Yes, but anyway, that's been resolved; posts in the game forum don't show up on the homepage.

How else would I be able to see new posts?

----------


## ladywhipple02

Been here almost 15 years, and I still use the front page as the landing page lol - I like to see the new threads first, personally, and then jump into the individual forums if needed. Just my personal preference and the way I've always used the page.

----------


## Valyndris

I use the home page as my landing page also. I like to see all the new posts no matter what section it's from. I'm glad there has been a game section added that doesn't show up on the home page as I am addicted to forums games and they no longer distract from the reptile related stuff.  :Smile:

----------


## sur3fir3

I use the "New Posts" section more than the homepage

----------


## rlditmars

I land on the Home page, always have, which allows me to see what's new at first glance. Then I go where I need from there. I know I won't win a popularity contest for saying so. but I am glad to see the games relegated to their own space.

----------

*Bogertophis* (09-06-2019)

----------


## Bogertophis

I always land on the Home page too...I check for "distress calls" that need some immediate help, & for things that interest me, & what's new.

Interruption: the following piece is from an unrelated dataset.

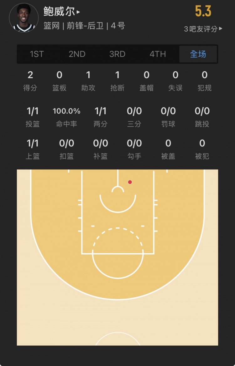 篮网22号秀 德雷克-鲍威尔 登场4.5分钟

I think the changes made for "Games" make total sense...it helps our staff, & those of us who enjoy them still can...it's a "win-win" IMO.

----------

_rlditmars_ (09-06-2019)

----------


## AbsoluteApril

I use the home page 90% of the time, if I see lots of posts there, I may use 'new posts' button. I think the two or three times I've used the forum listing page was just to find a specific forum to post in but not to look for posts.
The gaming and other off topic posts didn't bother me or take up too much space IMO. It's nice to see it's an active community where people connect on other things besides the typical 'what morph is this' and 'omg I think my ball is sick' posts.

----------

*Bogertophis* (09-06-2019),_jmcrook_ (09-06-2019),_richardhind1972_ (09-06-2019)

----------


## Zincubus

I only use TapaTalk so never even see the front page ..


Sent from my iPhone using Tapatalk Pro

----------

LyraIsGray (06-01-2020)

----------


## MasonC2K

Thanks for the response. I only frequent certain forums so I specifically drill into them to see what is new. The home page has everything new and a lot are in forums I don't care about.

----------


## Bogertophis

I think that's another reason why I like the home page...I have no personal interest in keeping giant constrictors, for example...but that doesn't mean I don't want 
to know what's going on with them.  Specific forums narrow your focus, but I don't actually want a narrow focus most of the time.

----------


## Aedryan Methyus

Unless I am in a hurry or trying to search/post something specific, I always glance down through all of the recent posts on the homepage, which is very useful for authors and readers alike. For instance; I would assume that myself and most others probably would have never even seen this post (and a lot of other posts) if it wasn't for the homepage...

----------